Да, слово "передача", наверно изначально надо было взять в кавычки, просто какое другое подобрать не знаю.
...

К сожалению понимание того, что для шаматха\випашьяны или проще говоря медитации, требуется накопление заслуг и очищение от негатива, почему-то всегда упускается из виду.

Но может всё-таки сначала идёт Взгляд\Воззрение, затем Мотивация\Намерение и они уже за собой ведут Нравственность, и уже на основе Взгляда Мотивации Нравственности становиться только возможной практика шаматха-випашьяна(созерцания, медитации) ?

----------

Юй Кан (06.10.2015)

----------


## Алексей Л

> Интересны бывают наивные суждения о людях по их сообщениях на форумах, "что им подходит лично, а что - нет". Человек может внешне быть гелугпинцем, а втайне практиковать дзогчен. Вы такой вариант исключаете? А ведь подобных примеров множество в истории, в т.ч. недавней.

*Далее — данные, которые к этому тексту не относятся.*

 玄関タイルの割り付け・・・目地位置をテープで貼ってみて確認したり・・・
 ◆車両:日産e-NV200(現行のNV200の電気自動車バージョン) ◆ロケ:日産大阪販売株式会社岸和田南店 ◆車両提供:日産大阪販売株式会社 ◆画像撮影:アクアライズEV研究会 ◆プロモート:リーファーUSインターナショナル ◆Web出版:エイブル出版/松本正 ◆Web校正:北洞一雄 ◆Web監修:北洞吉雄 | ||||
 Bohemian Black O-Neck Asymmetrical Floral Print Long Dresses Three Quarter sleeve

Заниматься нужно тем что дает эффект именно для вас, что толку например пракиковать дзогчен если нет состояния, тогда махаяна может быть более полезна, а кому-то дзен подойдет. Как вы думаете зачем три поворота колеса.

----------


## Алексей Л

> Что есть карма?


Спасибо это уже и так все знают.




> Как я понял, последствия неблагих действий (кармы) "списать" невозможно. - Можно только починить.

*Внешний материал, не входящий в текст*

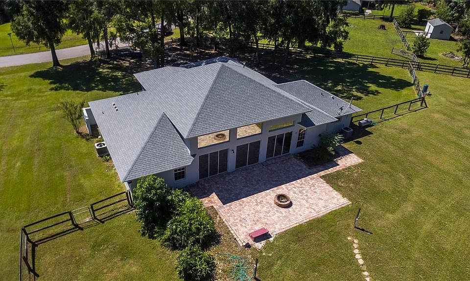 One or more photo(s) has been virtually staged. Surrounded by an equine community and resting within Hickory Meadows in the northern region of Ocala, this stunning estate has been fully renovated and offers over 1-and-a-half acres of Central Florida tranquility. Gently shaded by mature trees, the home is surrounded by tasteful landscaping and has been recently painted. Stepping inside of the stunning wooden double-doors, the interiors of the home feature lots of natural light with an open, split-bedroom floor plan, high 10’ and 12’ ceilings, and new paint throughout. The all new kitchen is well-suited for those who enjoy spending time cooking and has been fully upgraded to include a large center island with breakfast bar, plenty of cabinet storage with wood cabinetry, ample counter space, contemporary light fixtures, new unused high-end stainless steel appliances, and adjacent dining area. The family room includes a cozy floor-to-ceiling stone facade wood-burning fireplace that has never been used as well as a built-in entertainment center and huge windows with stunning views of the property beyond. In fact, the majority of the back of the home features these huge windows, allowing the beauty of the scenery to become its own feature of the home. All bedrooms are nicely spacious, but the master suite is particularly peaceful with a large layout, two separate closets, and a private en-suite with dual vanities, large garden tub, and a lovely walk-in shower that is equipped with a rain-style shower head– all of which has been recently upgraded. All bathrooms throughout the home have been completely redone with new vanities, counters, flooring, lighting, and more. Passing through the home, it’s difficult to find any area that hasn’t been updated. The back of the home is a real show-stopper that is overlooked by the large mirrored-finish floor to ceiling windows mentioned previously that strike a perfect balance between the natural beauty of the property and the thoughtfully designed home. A large brick patio provides ample space for seating, entertaining, and relaxing and includes a built-in fire pit for added options. The backyard beyond is partially fenced with board and wire fencing for added security, and there is plenty of room to add even more customizations to the backyard if desired. Hickory Meadows is a wonderful community located less than 30 minutes from Downtown Ocala’s many shopping, dining, event, and medical options for those looking to explore more of what the area has to offer. If you’re looking for a move-in ready dream-home, this property is a true gem!
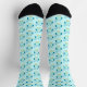 Cette superbe paire de chaussettes d'équipage à motifs présente un dessin mignon d'une chouette bleue aux yeux somnolents, un bec large ouvert et de jolies plumes moelleuses. Le hibou tient un ballon bleu poudreuse. Il y a du texte bleu pâle à l'intérieur du ballon qui dit, "Petit garçon".

починить значит тоже изменить, что-то одно, либо можно изменить либо нельзя.

Эх, придется самому читать

----------

Гошка (06.10.2015)

----------


## Гошка

> Спасибо это уже и так все знают.
> 
> 
> починить значит тоже изменить, что-то одно, либо можно изменить либо нельзя.
> 
> Эх, придется самому читать


Конечно, что- то можно исправить. Что-то уже нельзя.
Но как я понял, нехорошие поступки ни у кого не спишутся. 
Если я поругался с кем-то - все равно придется мириться. - Не уверен, что мантры помогут.
Если кому-то мы сломали руку/ногу - придется лечить.
Если мы разбили вазу - придется клеить.
Если мы намусорили, придется убирать.

Как я понимаю (возможно это и не так), последствия негативных действий могут быть исправлены только поступками (действиями), направленными на их "изменение".

----------


## Владимир Николаевич

Карма есть внутренняя и внешняя. Именно внутренняя влияет на то как мы будем переживать ту или иную ситуацию, будем ли мы счастливы или нет, какое рождение получим, создаёт наш характер привычки и т.п. тоесть по сути создаёт нас самих.

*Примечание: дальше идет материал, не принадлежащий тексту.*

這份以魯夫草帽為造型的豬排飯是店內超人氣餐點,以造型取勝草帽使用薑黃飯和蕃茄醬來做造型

Причиной внутренней негативной кармы являются клеши\загрязнения - гнев\злость, жадность\привязанность, глупость, зависть, ревность, гордость и т.п. Именно намерения\мотивация и чувства после совершенного действия закладывают семена в наш ум. Эти внутренние следы\отпечатки, которые являются семенами потенций переживать страдания и боль, очищаются четырьмя силами\противоядиями:

Принятие Прибежища и развитие обоих аспектов Бодхичитты.
Сожаление и раскаивание о совершённых в прошлом неумелых действий трёх уровней.
Практики, в особенности Ваджрасатва.
Твёрдое решение больше не совершать подобных действий, при возможности обет.

Все четыре противоядия нужно применять вместе, тогда и будет полный результат очищения.

----------


## Алик

> Да, слово "передача", наверно изначально надо было взять в кавычки, просто какое другое подобрать не знаю.
> ...
> 
> К сожалению понимание того, что для шаматха\випашьяны или проще говоря медитации, требуется накопление заслуг и очищение от негатива, почему-то всегда упускается из виду.
> 
> Но может всё-таки сначала идёт Взгляд\Воззрение, затем Мотивация\Намерение и они уже за собой ведут Нравственность, и уже на основе Взгляда Мотивации Нравственности становиться только возможной практика шаматха-випашьяна(созерцания, медитации) ?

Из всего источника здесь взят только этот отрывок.